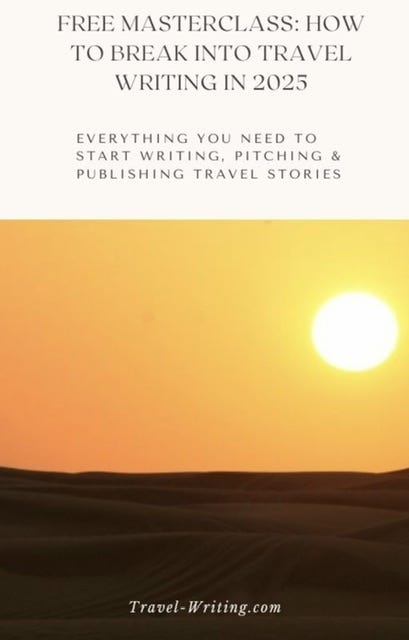 Travel Writer’s Masterclass (an audio introduction - 7 lessons - into the world of travel writing and how to build a portfolio and get pitching)
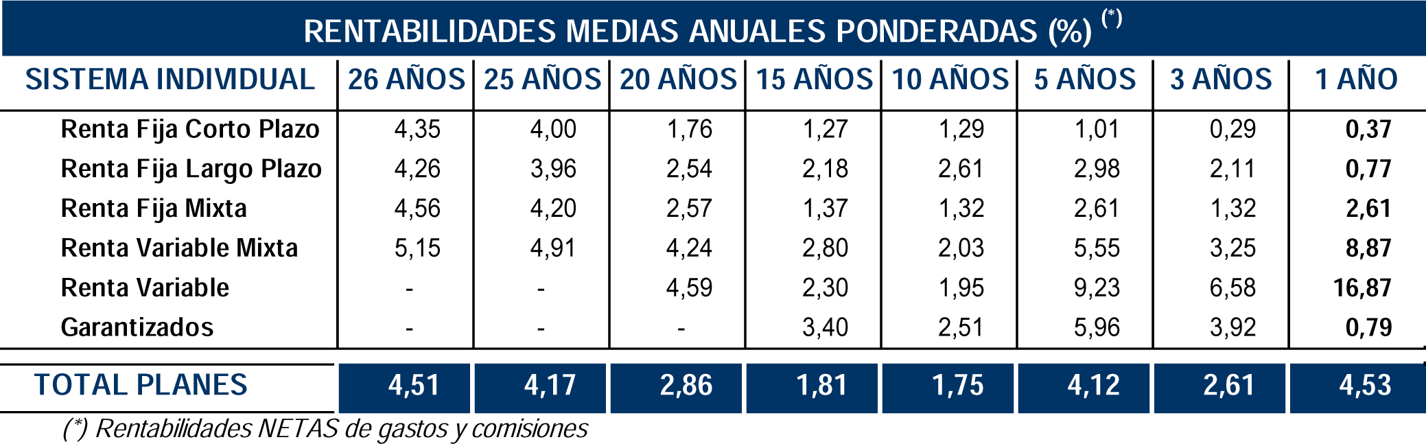 En el largo plazo los Planes de Pensiones alcanzan una rentabilidad media anual superior al 4,51% para el total de Planes. En el medio plazo (5 y 10 años) presentan una rentabilidad media anual del 4,12% y 1,756%, respectivamente.
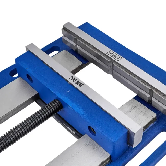 Ширина губок — 200 мм — позволяет зажимать крупные детали с высокой точностью.
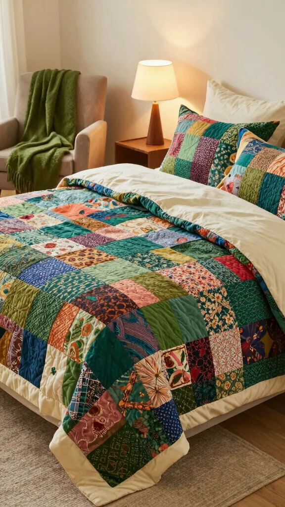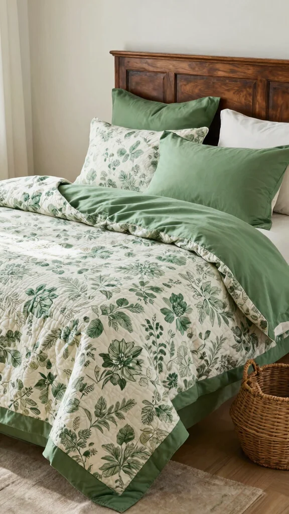 Quilts are versatile, serving both functional and decorative purposes, especially when showcasing striking green patterns. From floral designs to geometric shapes, a quilt can bring warmth and personality to your bedroom decor.
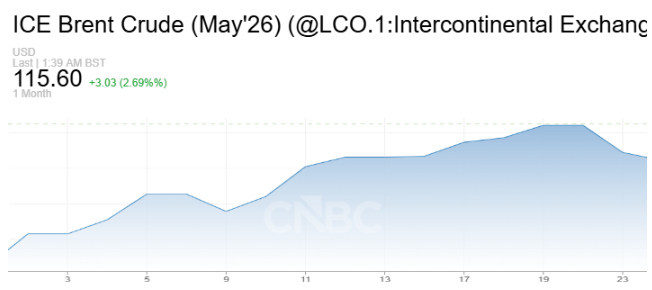 美股期货方面,市场情绪同样偏弱。道琼斯工业平均指数期货下跌253点,跌幅约0.6%;标普500指数期货与纳斯达克100指数期货均回落约0.5%。此前上周五,美国三大股指已显著下挫,道指大跌793.47点,跌入技术性回调区间;标普500指数下跌1.67%,收于七个月低位;纳斯达克综合指数下跌2.15%。从周线表现看,标普500指数已连续第五周下跌,科技股为主的纳指当周累计跌幅达到3.2%,显示全球风险资产已在高油价与战争风险的双重夹击下持续承压。 数据显示,国际基准布伦特原油5月期货在亚洲早盘一度上涨2.92%,报115.86美元/桶;美国西德州中质原油(WTI)期货上涨3.20%,报102.80美元/桶。
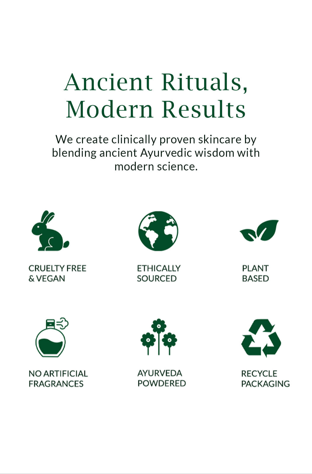 Every batch undergoes ancient Ayurvedic Phyto Infusion—an 18-day journey where we carefully draw out each plant’s essence, infusing every drop with unparalleled potency and energy. Then we enhance our Ayurvedic infusion with scientifically advanced ingredients, creating transformative skincare that balances nature’s vitality with clinically proven results for harmony, radiance, and renewal.
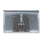 O plachetă argintie metalizată tip oglindă este unită cu o clemă cu două vârfuri care se prinde în închizătoarea în formă de M. Interiorul clapei în nuanțe argintii creează un design uniform alături de compartimentul realizat din piele și poliester. Fabricată din piele, geanta clutch are un lanț argintiu reglabil și detașabil, care îți permite să o porți pe umăr cu ușurință.
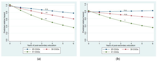 Estimated hazard ratios by education and CGG repeats: (a) from Model 2 (with IQ and 1957 family SES controlled); (b) from Model 6 (with all intervening factors controlled). Note: n.s. not significant, * p < 0.05, ** p < 0.01.
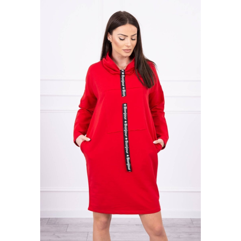 1 kép FiatalDivat Ruha zsebekkel és nyakkendő alakú csíkkal modell 0153 piros
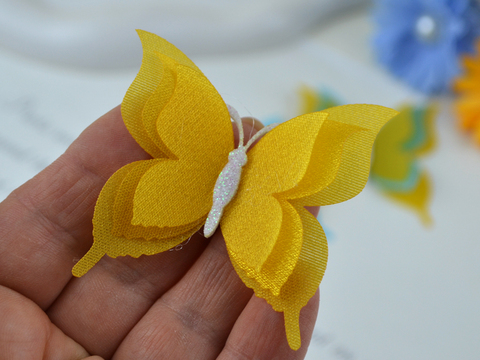 Заготовки для метеликів з блискучої органзи жовто-гарячі.
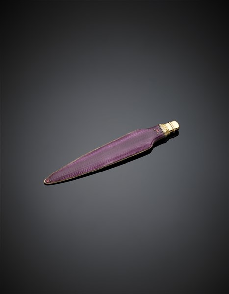 Yellow chased gold and light purple guilloché enamel scent bottle, g 26.50, length cm 11.90 circa. Originally cased by CARTIER
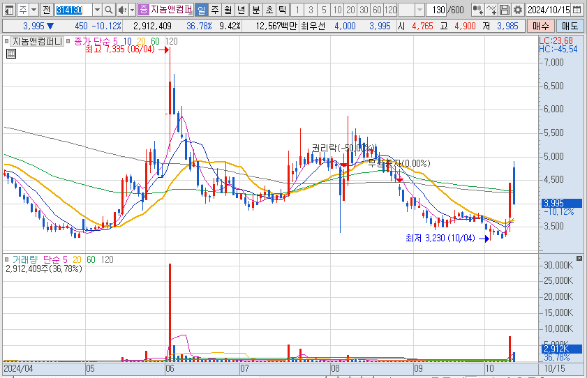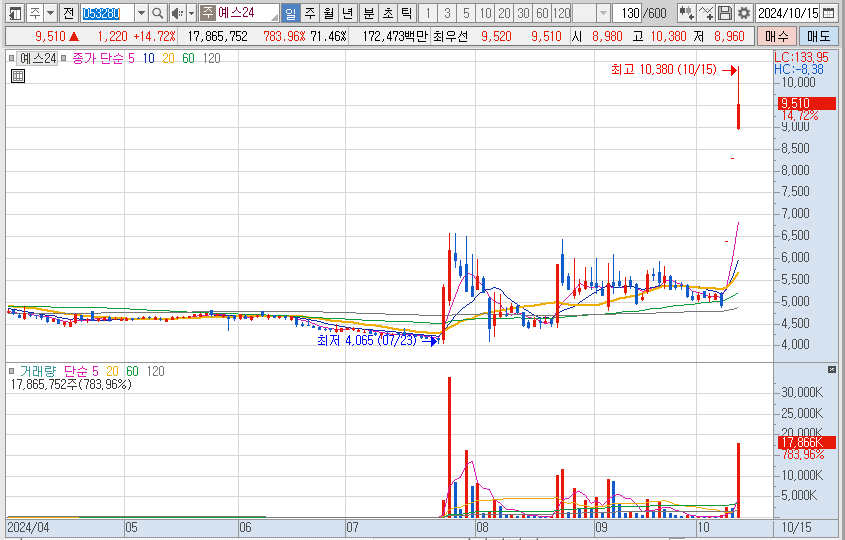 종이, 복사지 밀크를 만드는 회사입니다. 한강의 책을 만든 종이라고 하여 한강 관련주로 상한가를 갔습니다.
┄┄┄┄┄┄
Repeat only what lies between the start of the data and the end of the line containing "En el largo", exactly, with pictures left out.

 Travel Writer’s Masterclass (an audio introduction - 7 lessons - into the world of travel writing and how to build a portfolio and get pitching)
 En el largo plazo los Planes de Pensiones alcanzan una rentabilidad media anual superior al 4,51% para el total de Planes. En el medio plazo (5 y 10 años) presentan una rentabilidad media anual del 4,12% y 1,756%, respectivamente.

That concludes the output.